Many of Wu's statements are designed to deceive, even if for gratuitous reasons. He begins one of the chapters with "On July 10, I was one meal into starving myself to death when the guards announced a surprise." A dramatic statement indeed. Careful reading reveals that what Wu meant was that he had missed one meal before ending his fast that might have led him to his maker. Elsewhere in the book, Wu provides his analysis of the "pro-democracy movement at Tiananmen." He concludes by the reassurance that "I had nothing to do with Tiananmen Square," as if anyone could make such a mistake and identify him with the student-led protest of 1989.

Name dropping is another of Wu's favorite techniques. He wastes no time linking himself with Hillary Clinton in the second chapter and a page later with Wei Jingsheng. He has never met Wei and has nothing in common with Wei. In fact he admitts, "I do not have the courage of Wei Jingsheng, speaking his mind, writing stinging criticisms of Deng Xiaoping." Yet the one name he mentions most frequently throughout his book is Wei, as if frequency could substitute for intimacy, for the linkage he craves. Wu sprinkles Wei's name liberally throughout the book down to the very last page.

Wei is the best known name in the West for his pro-democracy advocacy, for speaking his mind and for openly standing on his beliefs. Whether one agrees with all his views or his approach, few would question his integrity or his sincerity. Wei has not been known to lie or distort. Wei has not been known as a master of splicing facts and rumors and outright fabrications into plausible lies. By making this unauthorized and obsessive association with Wei, I believe, Wu hopes to gain some trickle-down legitimacy to his own position.

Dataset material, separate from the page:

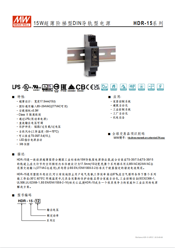 階梯形塑料機(jī)殼 單相,全范圍輸入 小尺寸, 1SU~6SU寬 (DIN EN43880) 雙重絕緣等級 直流輸出電壓可調(diào) 空載待機(jī)消耗瓦數(shù)<0.3W 適合安裝于DIN rail TS-35 / 7.5 或 15 適用于建筑及家電自動化控制

Wu needs to invoke Wei to partly compensate for the conspicuous lack of empathy for him from the community of students and scholars from China that are residing in the U.S. Many were given the opportunity to remain in the U.S. by the Bush Administration in response to Tiananmen. Some were activists and protesters. As a group, they are at best neutral and hardly sympathizers of the Beijing government. Yet they hold Wu in disdain and do not rally to his cause. Wu explained the phenomenon this way, "I suspect that the Chinese government is mobilizing all its students who are in the States. I don't mind. Let's have an open debate--no holds barred." To my knowledge, he has yet to accept any invitation to public debates where his views would be subject to scrutiny and challenge.

The most amusing passage is Wu's account of the interrogation during his incarceration in Wuhan in 1995 prior to his release and return to the U.S. The Chinese authorities apparently used a documentary from Taiwan as basis for their accusations which Wu claimed was spliced from various sources. "Look at it carefully," Wu told the interrogator, "Why do they put Chinese characters on the script, have outside people making comments? Don't you listen? The original was in English. There's no sound in this one. No dialogue. How can it become evidence? The Taiwanese translation is different from the British original. You better get the original Yorkshire film. You want to use Taiwan rumors?" At last I find in Wu's plea to his interrogator something with an authentic ring. Discerning viewers will find the very same techniques that he was protesting in Wuhan used in documentaries on China produced by Wu. Obviously Wu is trading on insider knowledge.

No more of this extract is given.